It's come to my attention, in the sobriety of morning, that I was being extraordinarily bossy to Mike last night, who was taking it all in stride and, once again, putting up with me, due to the fact that I'm pretty sure I looked as though I'd been through a war by the time I met him for dinner, where I quickly downed three or four shots of soju and sat mostly in silence until it took its effect, and I started swinging my umbrella around in his face.
I'm sorry, Magnes. You're a good buddy.
You see, Mike's not actually afraid of me at all, and he can't ever be bothered doing what I tell him to do, unless he's placating me, which is why we're such good friends. He lets me pretend to be Noona, sometimes, always with a completely unamused look on his face.
Still, he can't fault me entirely for this behavior, as he has a tendency to egg it on and take great joy in it, when it's directed at certain other parties we spend a fair amount of time with, and is, for whatever reason, received with a great amount dutiful seriousness.

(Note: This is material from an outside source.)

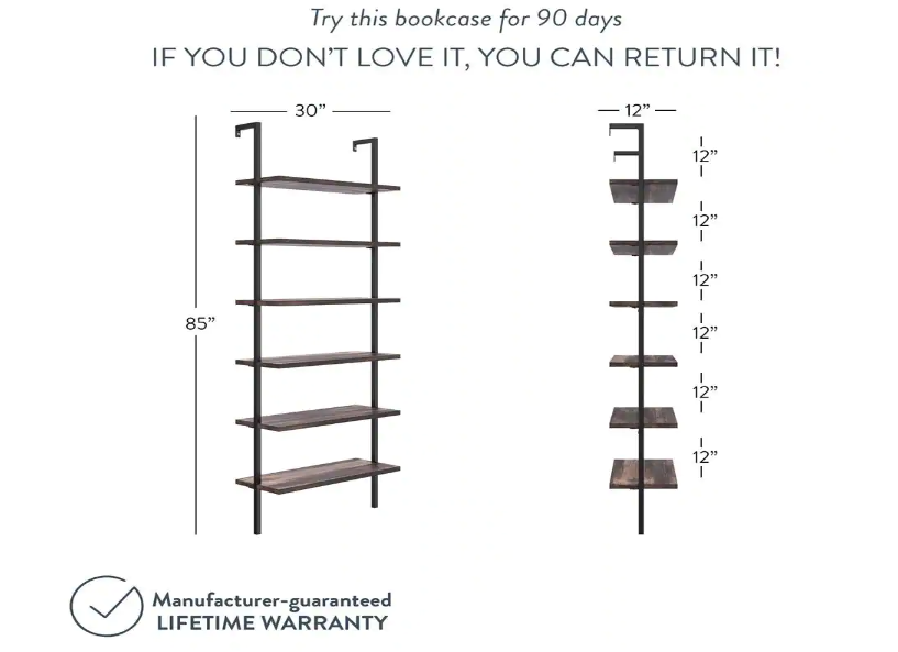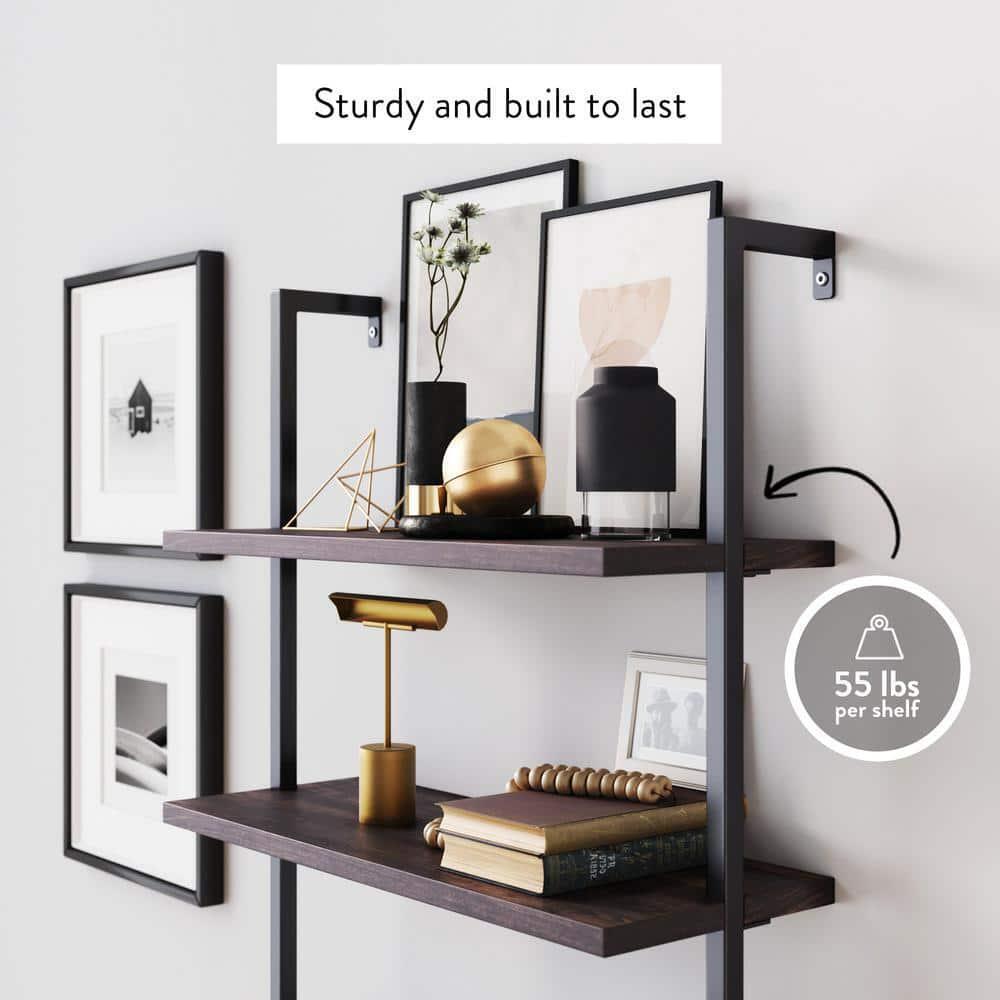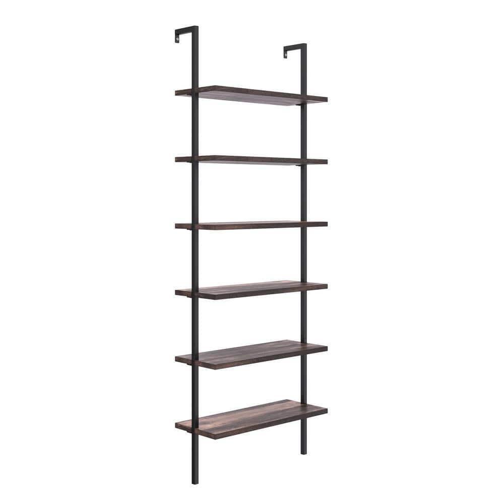 Nathan James Theo Nutmeg Brown Wood 6-Shelf Tall Ladder Bookcase Wall Mount Bookshelf Matte Black Metal Frame

I'm going to try to do as Coteacher said, when I finally put my shoes on to leave the office last night, and "forget" it all, because it's the weekend now. I find the concept of not taking your work home, so to speak, as a teacher, to be completely absurd at this point. But she's years on in the game, and so it must be possible eventually. Still, she admits that working at a boys school can make your personal life extremely difficult, because it's hard to stop relating to the opposite sex under those terms -- she, too, has issues not "correcting" male behavior these days, no matter the age of the male in question. I will do my best not to turn into a ya-ing, umbrella-wielding bossy bitch when I'm out with the new guy tonight, after getting a few drinks in me. Please, God.
Eoddeokae. I've got a lot to get done this morning, especially if I really do hope to make it into Seoul with Mags and back before seven. I'd better get on it.